:: What to work on ::
When you reach the line with "Very long acrylic" in the listing below, transcribe it and each line after it up to and including the line with "Serenova | Watercolor Wrap V Neck Maxi Dress", exactly and with nothing else.

:: Records supplied ::
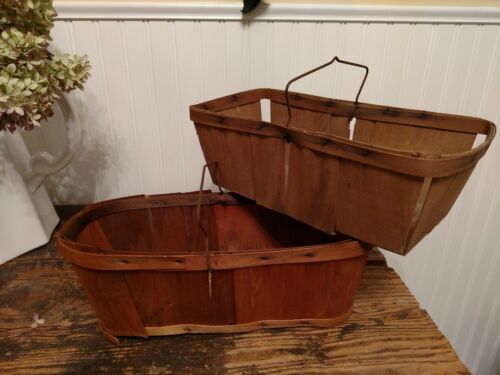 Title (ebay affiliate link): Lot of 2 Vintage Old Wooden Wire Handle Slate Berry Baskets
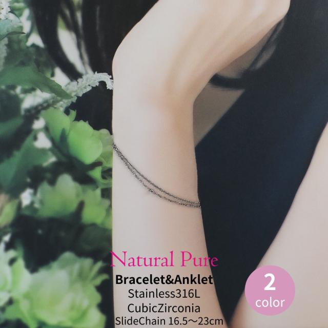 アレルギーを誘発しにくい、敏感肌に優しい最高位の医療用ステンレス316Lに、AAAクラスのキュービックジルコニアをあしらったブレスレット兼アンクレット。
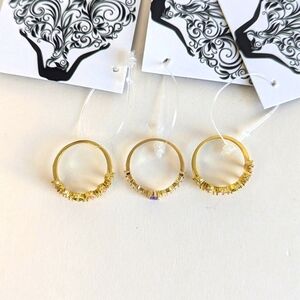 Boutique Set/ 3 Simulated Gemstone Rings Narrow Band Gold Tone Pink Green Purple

...

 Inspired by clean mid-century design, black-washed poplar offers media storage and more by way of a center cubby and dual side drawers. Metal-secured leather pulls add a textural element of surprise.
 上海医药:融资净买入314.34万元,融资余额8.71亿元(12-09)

* * *

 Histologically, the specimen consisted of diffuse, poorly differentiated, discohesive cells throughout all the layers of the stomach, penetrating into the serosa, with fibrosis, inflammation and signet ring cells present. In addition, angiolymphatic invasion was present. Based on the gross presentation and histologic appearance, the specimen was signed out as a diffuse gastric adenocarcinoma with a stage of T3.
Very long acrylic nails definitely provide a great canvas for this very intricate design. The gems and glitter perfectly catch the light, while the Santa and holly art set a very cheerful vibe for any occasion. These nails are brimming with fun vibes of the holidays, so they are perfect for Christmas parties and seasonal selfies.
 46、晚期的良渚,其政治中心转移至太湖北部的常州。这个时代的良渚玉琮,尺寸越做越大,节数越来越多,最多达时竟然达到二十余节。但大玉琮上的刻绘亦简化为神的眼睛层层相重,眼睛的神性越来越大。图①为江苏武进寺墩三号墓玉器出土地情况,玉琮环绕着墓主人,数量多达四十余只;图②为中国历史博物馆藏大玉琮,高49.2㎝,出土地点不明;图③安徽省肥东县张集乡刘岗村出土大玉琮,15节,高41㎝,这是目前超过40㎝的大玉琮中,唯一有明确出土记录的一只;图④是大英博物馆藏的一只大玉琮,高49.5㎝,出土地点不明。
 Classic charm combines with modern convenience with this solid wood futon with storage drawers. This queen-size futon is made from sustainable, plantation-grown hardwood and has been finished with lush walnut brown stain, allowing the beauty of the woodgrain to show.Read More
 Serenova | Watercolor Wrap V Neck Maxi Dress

:: Written answer ::
Very long acrylic nails definitely provide a great canvas for this very intricate design. The gems and glitter perfectly catch the light, while the Santa and holly art set a very cheerful vibe for any occasion. These nails are brimming with fun vibes of the holidays, so they are perfect for Christmas parties and seasonal selfies.
 46、晚期的良渚,其政治中心转移至太湖北部的常州。这个时代的良渚玉琮,尺寸越做越大,节数越来越多,最多达时竟然达到二十余节。但大玉琮上的刻绘亦简化为神的眼睛层层相重,眼睛的神性越来越大。图①为江苏武进寺墩三号墓玉器出土地情况,玉琮环绕着墓主人,数量多达四十余只;图②为中国历史博物馆藏大玉琮,高49.2㎝,出土地点不明;图③安徽省肥东县张集乡刘岗村出土大玉琮,15节,高41㎝,这是目前超过40㎝的大玉琮中,唯一有明确出土记录的一只;图④是大英博物馆藏的一只大玉琮,高49.5㎝,出土地点不明。
 Classic charm combines with modern convenience with this solid wood futon with storage drawers. This queen-size futon is made from sustainable, plantation-grown hardwood and has been finished with lush walnut brown stain, allowing the beauty of the woodgrain to show.Read More
 Serenova | Watercolor Wrap V Neck Maxi Dress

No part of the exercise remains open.